I am a 45 year husband and dad, currently adjusting to life back in the United States after living in Italy for a little over two years. I love spending time with my family, cycling, model railroading, mosaics and watching TV and movies.

Sunday, December 5, 2010


Today we headed to Pompeii. 

First stop was a bar to have coffee, tea and pastries.  We found Antica Paticceria Bar Mimi.  They advertised the best cappuccino in Sorrento, and they were right. 

Sorry for the sideways pic.  Blogger is giving me picture upload problems. 

After breakfast, we caught the Circumvesuviana Train to Pompeii, about a 40 min ride along the coast.  

Pompeii was founded in 600 B.C.  It soon became a booming middle class Roman trade city.  Pompeii was the place for action and shopping.  It's 20,000 residents enjoyed more than 40 bakeries, 30 brothels, and 130 bars, restaurants and hotels. 

The Forum was Pompeii's commercial, religious and political center. 

Street of Pompeii.  In the background is Vesuvius.  At about noon on August 24, A.D. 79 Mount Vesuvius blew, sending a cloud of ash, dust and cinders 12 miles into the air.  The ash fell like snow on Pompeii, collapsing roofs, but leaving walls intact.  2,000 of the 20,000 residents were unable to escape over 8 feet of ash that buried the town. 

Ancient Rome was rich with mosaics

This was a typical bar or restaurant.  Most ancient Romans did not cook for themselves.  The holes in the counters held the pots for food.  Each container was like a thermos holding soup, wine and other foods.

They flooded the streets with gushing water every day to clean them.  These stepping stones let pedestrians cross without getting their sandals wet.  Chariots traveling in either direction could straddle the stones. 

Many homes had these shallow pools just inside their entry doors.  They were used to rinse feet after a dusty day in Pompeii.

2, 000 residents did not escape the eruption of Vesuvius.  Archeologists were able to capture the last eerie momonts in a unique way.  Pompeii citizens suffocated under the ash.  While excavating, archeologists detected hollow spaces underfoot, created when the bodies decomposed.  By gently filling the holes with plaster, they were able to create molds of the victims.  These plaster molds still have the ancient bones mixed inside.

Another view of the Forum.  It was dominated by the Temple of Jupiter.
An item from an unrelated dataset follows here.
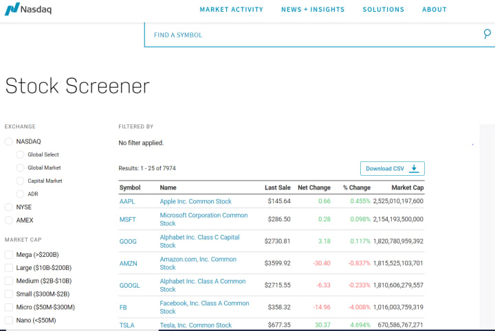 Alpaca premium subscription talks about how it provides unlimited data, which holds, but it is restricted. I tested how many symbols I can subscribe to Alpaca with one request. I gathered all Nasdaq symbols using the Nasdaq Screener tool. You can find the tool here.

A few of its columns remain.

Another victim.


Original teeth and skull bones mixed with plaster cast.

Baths of the Forum.  Pompeii had six public baths, each with a women's and men's section. 
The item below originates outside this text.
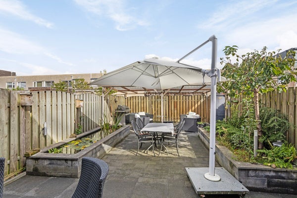 Op een unieke locatie aan het Kroeteneiland in de Haagse Beemden ligt deze bijzonder ruime eengezinswoning. Met 145 m² woonoppervlakte heeft het huis vier slaapkamers en drie badkamers, perfect voor grote gezinnen of een combinatie van wonen en werken. Bij binnenkomst via de eigen oprit, die ruimte biedt voor één of twee auto’s, vindt u een slaapkamer met eigen badkamer op de begane grond en een praktische bijkeuken. De eerste verdieping bevat een lichte woonkamer met uitzicht over water en natuur, een moderne keuken en een tweede badkamer. De bovenste verdieping heeft twee slaapkamers, een derde badkamer en toegang tot een dakterras op het zuiden. De verzorgde tuin heeft een overkapping en biedt een rustige plek om te ontspannen, terwijl de ligging nabij voorzieningen en natuur ideaal is.

Chariot ruts in the stone road

Another Roman 'fast food' bar

Some parts of Pompeii now produce grapes for wine.  The volcanic soil is very fertile.
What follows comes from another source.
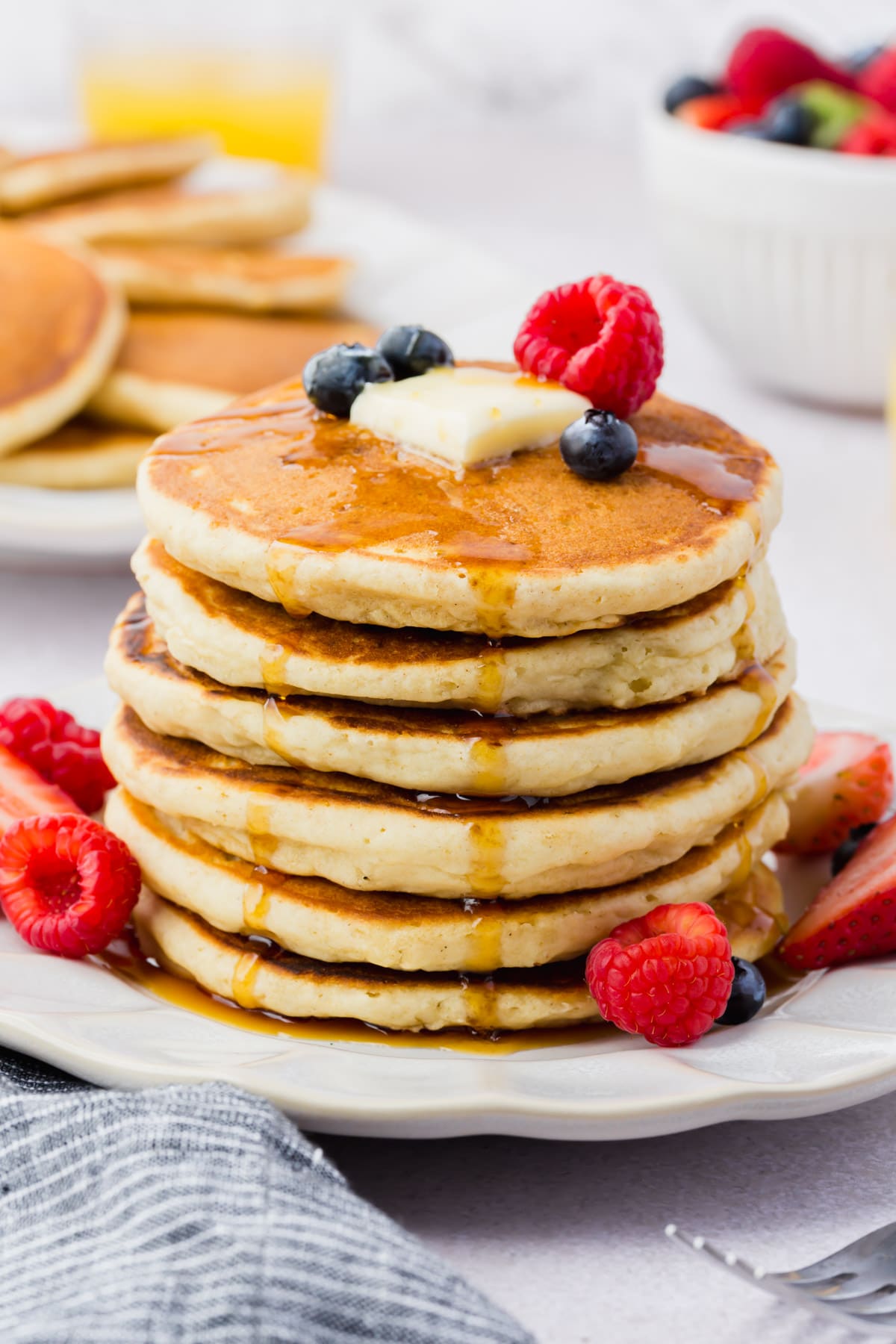 Cook on the other side for an additional 2-3 minutes until cooked through. Remove from the griddle and place on a plate. Repeat with the remaining pancake batter.

Amphitheater.  Here, gladiators and wild animals fought in combat.

Our train home.

Pompeii was a little different than I expected.  I thought it was located out in the valleys of Italy.  It's actually surrounded by the suburbs of Naples.  Many areas were closed to tourists for various reasons, the most notable of which, is the recent collapsing of several walls and houses.  Overall, it was very interesting and well worth the trip.

Tomorrow we head to the island of Capri.